Your copy of the entries below should hold exactly the lines from the one containing "the edge of" to the one containing "SCORE」と書かれているが、 襲撃時には紫の輪郭で、クチバシが無く胸に「GAME OVER」と書かれている。", inclusive, and no pictures.

### Data to use
=== Section Start ===
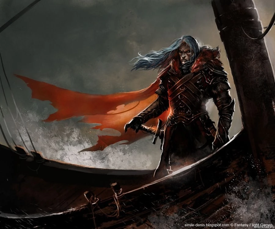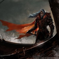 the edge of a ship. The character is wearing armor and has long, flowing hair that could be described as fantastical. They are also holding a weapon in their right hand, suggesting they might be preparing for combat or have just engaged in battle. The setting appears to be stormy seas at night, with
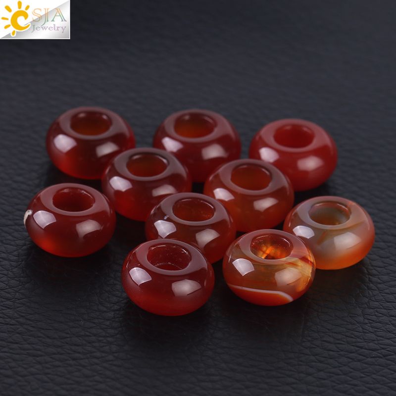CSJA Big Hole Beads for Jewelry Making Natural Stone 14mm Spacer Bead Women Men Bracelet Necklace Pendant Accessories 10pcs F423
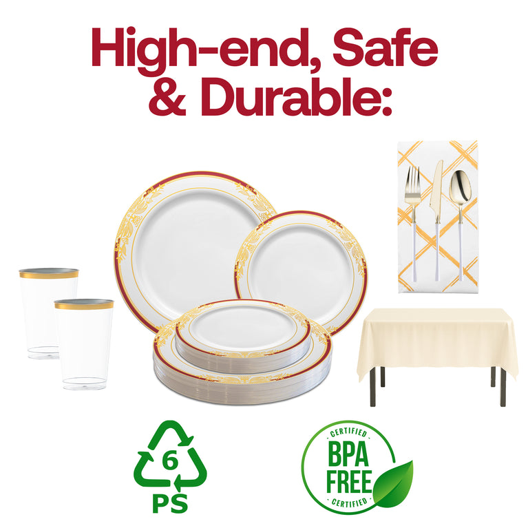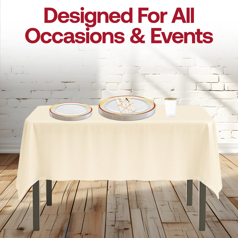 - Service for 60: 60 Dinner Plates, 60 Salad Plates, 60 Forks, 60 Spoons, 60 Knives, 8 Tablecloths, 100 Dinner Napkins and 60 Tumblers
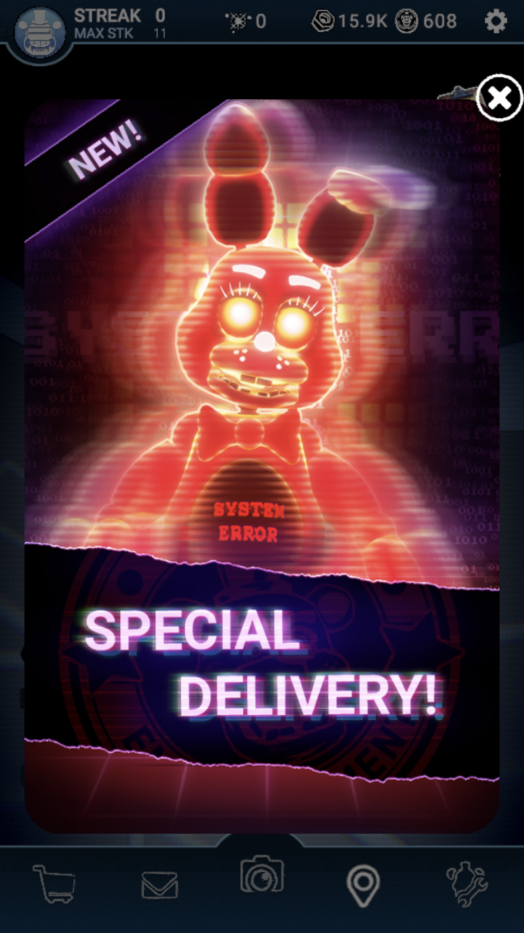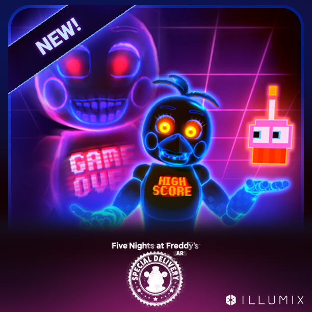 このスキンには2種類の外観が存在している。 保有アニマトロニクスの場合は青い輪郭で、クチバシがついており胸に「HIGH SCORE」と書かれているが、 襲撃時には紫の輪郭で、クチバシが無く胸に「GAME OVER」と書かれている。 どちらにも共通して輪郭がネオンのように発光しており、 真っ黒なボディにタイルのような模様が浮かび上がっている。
=== Section End ===
=== Section Start ===
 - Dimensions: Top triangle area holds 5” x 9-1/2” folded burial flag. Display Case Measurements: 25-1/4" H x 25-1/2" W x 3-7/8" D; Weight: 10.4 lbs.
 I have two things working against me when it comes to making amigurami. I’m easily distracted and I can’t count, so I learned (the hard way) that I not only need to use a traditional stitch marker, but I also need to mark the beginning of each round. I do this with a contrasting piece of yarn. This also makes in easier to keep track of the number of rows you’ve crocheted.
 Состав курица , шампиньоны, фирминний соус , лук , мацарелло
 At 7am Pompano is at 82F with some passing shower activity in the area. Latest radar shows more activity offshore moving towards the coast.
=== Section End ===
=== Section Start ===
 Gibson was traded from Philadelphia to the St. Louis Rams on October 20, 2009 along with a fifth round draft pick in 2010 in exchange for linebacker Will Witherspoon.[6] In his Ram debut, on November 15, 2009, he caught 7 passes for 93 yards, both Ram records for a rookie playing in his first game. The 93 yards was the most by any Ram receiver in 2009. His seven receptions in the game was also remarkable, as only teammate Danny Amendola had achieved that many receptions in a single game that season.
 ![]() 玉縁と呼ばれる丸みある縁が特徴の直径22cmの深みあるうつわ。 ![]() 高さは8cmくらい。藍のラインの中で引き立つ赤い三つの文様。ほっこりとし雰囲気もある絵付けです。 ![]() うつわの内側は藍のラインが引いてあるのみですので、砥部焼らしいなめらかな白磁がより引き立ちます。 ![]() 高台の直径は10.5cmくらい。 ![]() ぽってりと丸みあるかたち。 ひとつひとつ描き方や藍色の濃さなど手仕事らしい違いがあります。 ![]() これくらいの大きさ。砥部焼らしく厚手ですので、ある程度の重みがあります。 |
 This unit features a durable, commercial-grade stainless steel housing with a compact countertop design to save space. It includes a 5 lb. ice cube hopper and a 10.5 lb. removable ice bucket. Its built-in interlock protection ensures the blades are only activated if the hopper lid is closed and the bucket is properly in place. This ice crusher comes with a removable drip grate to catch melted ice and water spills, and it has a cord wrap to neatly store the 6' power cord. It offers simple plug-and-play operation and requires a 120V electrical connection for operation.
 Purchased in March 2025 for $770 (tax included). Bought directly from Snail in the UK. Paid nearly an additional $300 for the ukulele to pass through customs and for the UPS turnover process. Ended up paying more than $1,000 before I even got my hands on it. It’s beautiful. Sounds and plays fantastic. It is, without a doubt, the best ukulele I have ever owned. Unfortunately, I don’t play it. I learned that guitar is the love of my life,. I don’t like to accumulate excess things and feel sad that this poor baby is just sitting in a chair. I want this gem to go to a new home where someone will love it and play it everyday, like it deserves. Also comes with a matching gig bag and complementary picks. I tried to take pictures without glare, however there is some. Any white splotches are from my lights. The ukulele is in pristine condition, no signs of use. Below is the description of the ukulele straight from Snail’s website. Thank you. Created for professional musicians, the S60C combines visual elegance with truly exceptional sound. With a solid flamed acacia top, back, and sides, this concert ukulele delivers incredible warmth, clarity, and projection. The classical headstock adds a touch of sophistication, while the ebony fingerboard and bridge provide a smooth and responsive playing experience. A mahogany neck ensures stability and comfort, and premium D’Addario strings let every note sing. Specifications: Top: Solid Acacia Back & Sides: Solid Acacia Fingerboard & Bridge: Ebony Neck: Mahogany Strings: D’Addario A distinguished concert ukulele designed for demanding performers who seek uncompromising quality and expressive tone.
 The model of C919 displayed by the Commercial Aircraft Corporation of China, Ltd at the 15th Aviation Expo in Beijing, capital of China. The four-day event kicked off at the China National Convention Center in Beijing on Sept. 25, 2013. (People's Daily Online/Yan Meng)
=== Section End ===
### Result of this exercise
 the edge of a ship. The character is wearing armor and has long, flowing hair that could be described as fantastical. They are also holding a weapon in their right hand, suggesting they might be preparing for combat or have just engaged in battle. The setting appears to be stormy seas at night, with
CSJA Big Hole Beads for Jewelry Making Natural Stone 14mm Spacer Bead Women Men Bracelet Necklace Pendant Accessories 10pcs F423
 - Service for 60: 60 Dinner Plates, 60 Salad Plates, 60 Forks, 60 Spoons, 60 Knives, 8 Tablecloths, 100 Dinner Napkins and 60 Tumblers
 このスキンには2種類の外観が存在している。 保有アニマトロニクスの場合は青い輪郭で、クチバシがついており胸に「HIGH SCORE」と書かれているが、 襲撃時には紫の輪郭で、クチバシが無く胸に「GAME OVER」と書かれている。 どちらにも共通して輪郭がネオンのように発光しており、 真っ黒なボディにタイルのような模様が浮かび上がっている。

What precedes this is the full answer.